Building a personal spending dashboard with Shiny

Author

Fendi Tsim

Published

November 3, 2024

Introduction

In this post, I present a personal spending dashboard (link) that helps visualize and analyse monthly spending. This Shiny app is for illustration purpose only.

Features

This spending dashboard allows user to upload a csv file with specific format (for more information, see the Home tab in the dashboard). User is required to provide spending of the past 12 months and current month.

This dashboard also provides you valuable information about your spending, such as:

  • How does your current month’s spending look like? (distribution)

  • How does your yearly spending trend look like? (trend)

  • Does your spending pattern in current month differ from that of average of last 12 months’? (overall comparison)

  • For each spending category, how does your current month’s improve from average of last 12 months’? (per-category comparison)

Background

I had a habit of keeping track of my monthly expenses since I moved to UK. Thankfully, my bank’s mobile app categorized my spending each month, which provides some insights on the distribution of my monthly spending.

Yet, I wondered if I could visualize and analyse how spending in each category varies over time, particularly over the last 12 months or so.

Also, it would be better to have a comparison in spending between current month and a reference group - which the average spending of the last 12 months (self-referencing) seems to do a pretty good job.

With a bit of techniques from Behavioural Science and some questions about monthly spending, I managed to create a draft of this dashboard. I was fortunate to have my friends (Junning and Shantanu) who provided valuable insights in terms of the layout and possibility of how this dashboard could be in the future!

With this spending dashboard, I have a few questions about managing personal spending:

  1. How do users react to absolute amounts vs. percentage changes in spending?
    It seems to me that these two might produce different results in the overspending and saving up sections (framing effect). The absolute amount would be a more effective tool than percentage changes when alerting how much a user overspent (in a ‘loss’ framing), simply because the latter would require a user to (i) be aware of what the original spending that is compared to, and (ii) perform a mathematical calculation with the information.

  2. Can this dashboard improve financial literacy?
    The aim of this dashboard is to provide simple, valuable insights on managing personal spending. Thus, it would be interesting to conduct a within-participant experiment, which is to measure a user’s financial literacy before and after using the dashboard for a period. For instance, we could elicit how well user manages their personal spending with a set of questions before they use this dashboard. We could inform them to use this dashboard weekly, bi-monthly, monthly with reminders. After a period (e.g., three months), we ask them the same set of questions and observe if there are any differences in response.

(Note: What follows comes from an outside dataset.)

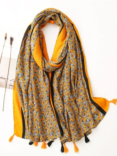 Floral Print Tassel Decor Scarf - Multicolor - View 1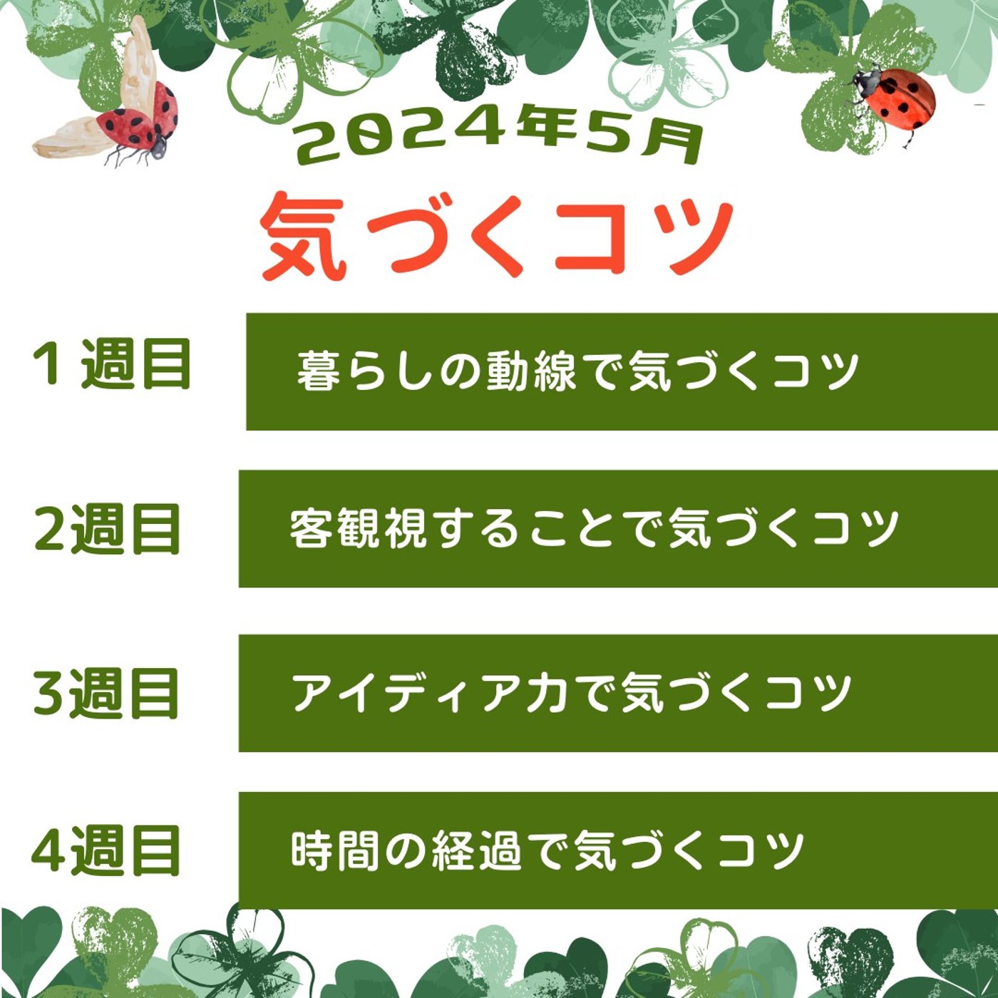はい、今月のテーマといたしましては、気づくコツということでお話ししております。1週目は暮らしの動線で気づくコツ、2週目は客観視することで気づくコツについて話しております。

  3. Which is more effective for encouraging savings: personal or community reference points?
    In this dashboard, I applied self-referencing in the comparison (current month’s spending with average monthly spending of the 12 last months). One of the prevalent effect in reference-point literature is to comparing it with a community (e.g., you used 50% energy more than what your neighbours used in the last month in nudging energy-saving). To create such community-referencing effect, bank could make use of users’ spending (in anonymous way) to nudge for personal spending. Yet, it seems to me that it would be better and beneficial for banks if users could also be nudged to invest more, with the money they could save up from this.